━━━━━ Data extracts ━━━━━

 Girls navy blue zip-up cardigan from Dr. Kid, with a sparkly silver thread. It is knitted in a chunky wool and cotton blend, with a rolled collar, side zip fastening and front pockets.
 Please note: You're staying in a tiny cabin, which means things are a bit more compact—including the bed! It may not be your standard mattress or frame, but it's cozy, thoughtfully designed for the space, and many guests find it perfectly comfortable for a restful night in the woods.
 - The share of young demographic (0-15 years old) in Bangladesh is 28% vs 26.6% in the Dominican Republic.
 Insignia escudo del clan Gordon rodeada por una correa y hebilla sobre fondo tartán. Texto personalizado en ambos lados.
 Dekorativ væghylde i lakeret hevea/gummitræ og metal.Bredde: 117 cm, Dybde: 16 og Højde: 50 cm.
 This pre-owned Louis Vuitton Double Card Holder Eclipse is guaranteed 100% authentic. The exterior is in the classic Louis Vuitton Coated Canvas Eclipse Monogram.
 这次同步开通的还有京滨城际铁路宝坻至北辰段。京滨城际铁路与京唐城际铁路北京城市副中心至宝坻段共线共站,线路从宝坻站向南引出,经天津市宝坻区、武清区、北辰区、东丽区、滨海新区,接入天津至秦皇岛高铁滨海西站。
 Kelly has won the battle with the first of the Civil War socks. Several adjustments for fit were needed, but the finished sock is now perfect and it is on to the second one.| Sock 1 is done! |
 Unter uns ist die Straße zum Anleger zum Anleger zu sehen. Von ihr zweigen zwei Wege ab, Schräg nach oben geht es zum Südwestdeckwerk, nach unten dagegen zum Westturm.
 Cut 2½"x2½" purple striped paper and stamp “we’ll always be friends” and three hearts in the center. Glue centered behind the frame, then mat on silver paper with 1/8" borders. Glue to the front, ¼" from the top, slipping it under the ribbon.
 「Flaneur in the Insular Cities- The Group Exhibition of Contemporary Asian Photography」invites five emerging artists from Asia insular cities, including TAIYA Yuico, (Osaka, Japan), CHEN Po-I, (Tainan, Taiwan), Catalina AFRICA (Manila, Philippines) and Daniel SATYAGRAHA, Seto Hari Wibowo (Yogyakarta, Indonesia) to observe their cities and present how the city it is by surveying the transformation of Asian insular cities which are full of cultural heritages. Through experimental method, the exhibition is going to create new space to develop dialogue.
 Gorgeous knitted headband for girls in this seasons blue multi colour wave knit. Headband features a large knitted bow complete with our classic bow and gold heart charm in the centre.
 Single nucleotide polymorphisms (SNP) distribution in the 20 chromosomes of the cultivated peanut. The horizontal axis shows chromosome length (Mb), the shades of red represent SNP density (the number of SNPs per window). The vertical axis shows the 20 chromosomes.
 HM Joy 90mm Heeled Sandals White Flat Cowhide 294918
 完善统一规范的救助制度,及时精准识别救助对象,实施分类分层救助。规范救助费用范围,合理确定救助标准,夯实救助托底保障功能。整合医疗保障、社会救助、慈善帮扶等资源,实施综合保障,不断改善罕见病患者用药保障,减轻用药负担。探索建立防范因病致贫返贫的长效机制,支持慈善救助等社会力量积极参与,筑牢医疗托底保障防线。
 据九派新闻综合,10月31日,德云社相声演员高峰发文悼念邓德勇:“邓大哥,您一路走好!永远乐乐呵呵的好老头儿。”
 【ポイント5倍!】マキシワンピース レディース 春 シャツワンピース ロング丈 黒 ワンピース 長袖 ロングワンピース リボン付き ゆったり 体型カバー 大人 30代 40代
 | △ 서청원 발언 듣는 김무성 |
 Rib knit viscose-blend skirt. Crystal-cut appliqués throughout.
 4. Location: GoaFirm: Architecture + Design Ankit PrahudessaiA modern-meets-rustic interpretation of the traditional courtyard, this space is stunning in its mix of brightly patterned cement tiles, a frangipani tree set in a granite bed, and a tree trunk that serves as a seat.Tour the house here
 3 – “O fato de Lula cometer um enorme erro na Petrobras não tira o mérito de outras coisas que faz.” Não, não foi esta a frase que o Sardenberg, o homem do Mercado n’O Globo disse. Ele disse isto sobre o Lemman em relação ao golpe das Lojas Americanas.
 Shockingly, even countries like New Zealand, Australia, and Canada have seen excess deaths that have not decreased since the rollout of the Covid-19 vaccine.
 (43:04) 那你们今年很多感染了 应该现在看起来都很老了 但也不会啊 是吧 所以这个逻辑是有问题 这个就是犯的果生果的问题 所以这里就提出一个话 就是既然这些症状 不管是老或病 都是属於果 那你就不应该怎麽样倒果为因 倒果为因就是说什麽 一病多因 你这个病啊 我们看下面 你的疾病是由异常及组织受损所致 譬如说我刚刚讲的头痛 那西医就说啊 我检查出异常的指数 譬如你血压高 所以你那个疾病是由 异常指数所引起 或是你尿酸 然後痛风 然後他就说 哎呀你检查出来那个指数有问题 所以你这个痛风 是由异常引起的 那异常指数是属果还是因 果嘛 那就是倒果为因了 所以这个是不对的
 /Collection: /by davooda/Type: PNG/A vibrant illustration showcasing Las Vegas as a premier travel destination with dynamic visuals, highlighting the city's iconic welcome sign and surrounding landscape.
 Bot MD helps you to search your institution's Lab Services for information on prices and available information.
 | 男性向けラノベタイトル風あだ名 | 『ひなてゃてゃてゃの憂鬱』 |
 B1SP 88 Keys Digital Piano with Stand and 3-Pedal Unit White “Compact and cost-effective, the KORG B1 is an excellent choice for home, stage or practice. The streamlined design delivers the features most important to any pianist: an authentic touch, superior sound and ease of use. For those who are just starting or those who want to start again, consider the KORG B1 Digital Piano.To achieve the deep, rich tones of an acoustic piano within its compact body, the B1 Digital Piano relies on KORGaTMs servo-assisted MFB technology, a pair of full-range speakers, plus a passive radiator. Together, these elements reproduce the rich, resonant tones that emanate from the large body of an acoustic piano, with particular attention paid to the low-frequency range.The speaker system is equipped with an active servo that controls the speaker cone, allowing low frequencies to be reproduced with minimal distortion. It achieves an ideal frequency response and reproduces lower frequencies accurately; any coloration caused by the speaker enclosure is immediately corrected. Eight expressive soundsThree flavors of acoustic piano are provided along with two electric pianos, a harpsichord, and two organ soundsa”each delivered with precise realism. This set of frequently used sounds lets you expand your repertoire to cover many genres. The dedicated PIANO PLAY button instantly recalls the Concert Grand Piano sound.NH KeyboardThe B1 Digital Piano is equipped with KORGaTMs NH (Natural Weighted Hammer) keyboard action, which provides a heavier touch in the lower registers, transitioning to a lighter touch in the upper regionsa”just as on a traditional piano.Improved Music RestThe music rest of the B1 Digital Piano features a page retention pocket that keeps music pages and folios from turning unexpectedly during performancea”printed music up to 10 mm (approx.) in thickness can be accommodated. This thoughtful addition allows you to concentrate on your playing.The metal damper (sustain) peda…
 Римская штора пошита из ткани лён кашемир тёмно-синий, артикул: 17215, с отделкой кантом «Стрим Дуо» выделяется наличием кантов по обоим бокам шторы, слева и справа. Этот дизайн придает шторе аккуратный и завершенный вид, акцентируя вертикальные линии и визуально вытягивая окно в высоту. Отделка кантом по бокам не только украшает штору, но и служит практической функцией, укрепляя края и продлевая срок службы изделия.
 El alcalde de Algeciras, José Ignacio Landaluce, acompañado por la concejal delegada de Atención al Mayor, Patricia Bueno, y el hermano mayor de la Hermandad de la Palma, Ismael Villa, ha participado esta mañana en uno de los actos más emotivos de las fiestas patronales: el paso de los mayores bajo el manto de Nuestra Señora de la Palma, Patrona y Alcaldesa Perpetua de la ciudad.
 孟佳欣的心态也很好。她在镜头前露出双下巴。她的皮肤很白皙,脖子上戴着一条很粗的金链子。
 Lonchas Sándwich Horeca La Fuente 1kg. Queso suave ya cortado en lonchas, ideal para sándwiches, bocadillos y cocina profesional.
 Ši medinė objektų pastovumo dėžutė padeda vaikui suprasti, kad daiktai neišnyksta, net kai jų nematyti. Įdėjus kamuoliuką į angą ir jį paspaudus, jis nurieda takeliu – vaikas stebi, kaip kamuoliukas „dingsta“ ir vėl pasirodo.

━━━━━

## Task to carry out
Provide only the number of lines in the records containing the string "esta".

## Answer for the task
2